● DATA SECTION:
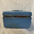Vintage 1950s Monarch Blue Train Case Hard Shell Luggage Makeup Travel Suitcase
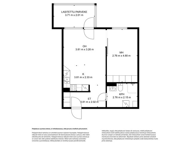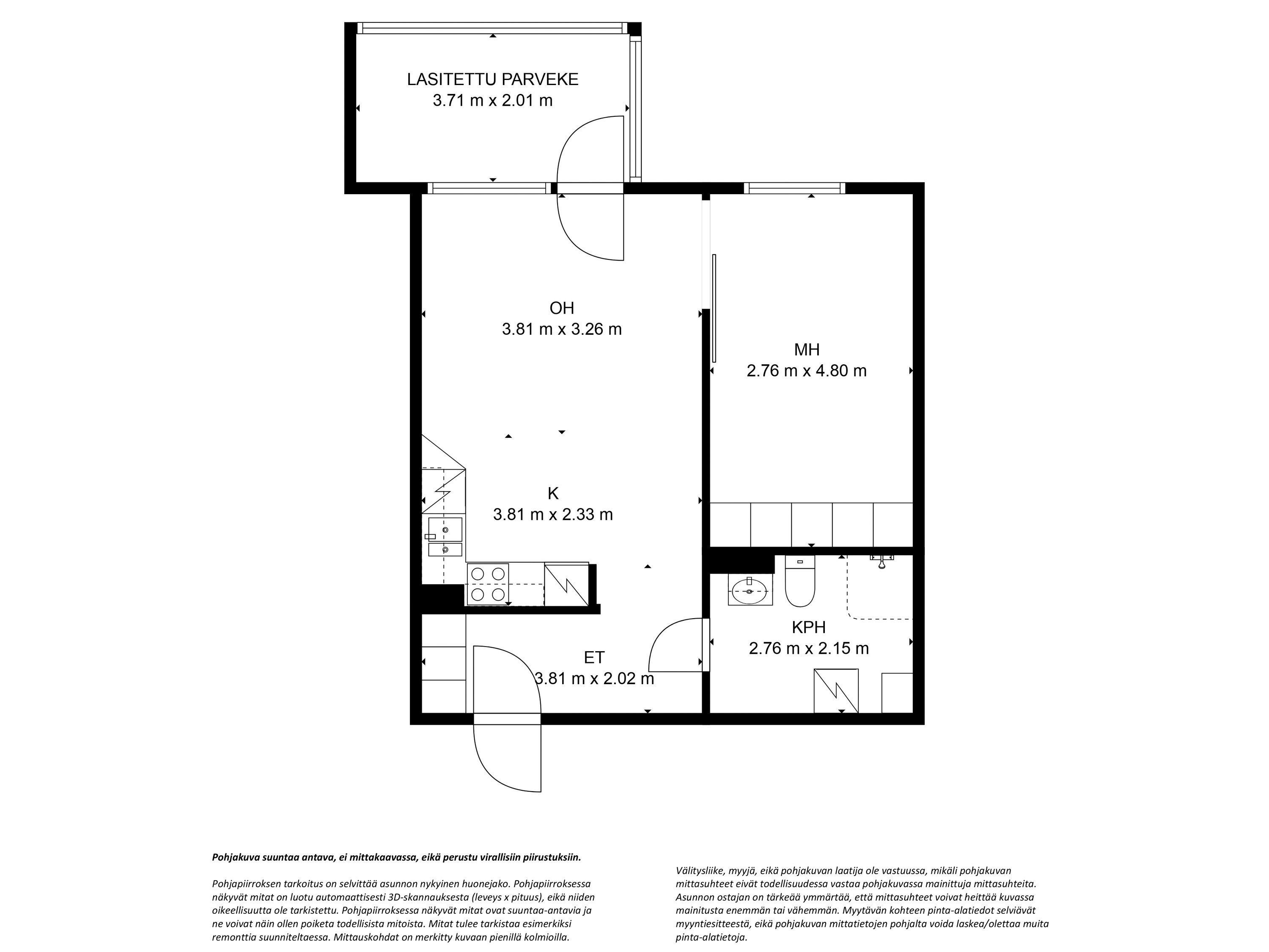 - Yhtiöjärjestyksen mukainen, Isännöitsijäntodistuksen mukainen, (Pinta-ala ei ole tarkistusmitattu ja todellinen pinta-ala voi olla suurempi tai pienempi, kuin ilmoitettu)
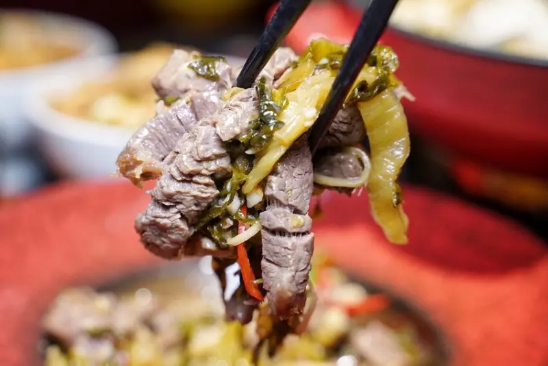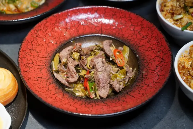這道「熗炒酸菜牛菲力」酸勁十足,非常開胃!菲力牛肉吃起來肉汁香甜又很嫩口,搭配滿滿酸菜,不自覺會想來碗白飯配!

● TRY IT:
Return exactly the lines running from the line with "- Yhtiöjärjestyksen mukainen, Isännöitsijäntodistuksen" through the final line of the listing. Leave the pictures out.

● REPLY TO THE EXERCISE:
 - Yhtiöjärjestyksen mukainen, Isännöitsijäntodistuksen mukainen, (Pinta-ala ei ole tarkistusmitattu ja todellinen pinta-ala voi olla suurempi tai pienempi, kuin ilmoitettu)
這道「熗炒酸菜牛菲力」酸勁十足,非常開胃!菲力牛肉吃起來肉汁香甜又很嫩口,搭配滿滿酸菜,不自覺會想來碗白飯配!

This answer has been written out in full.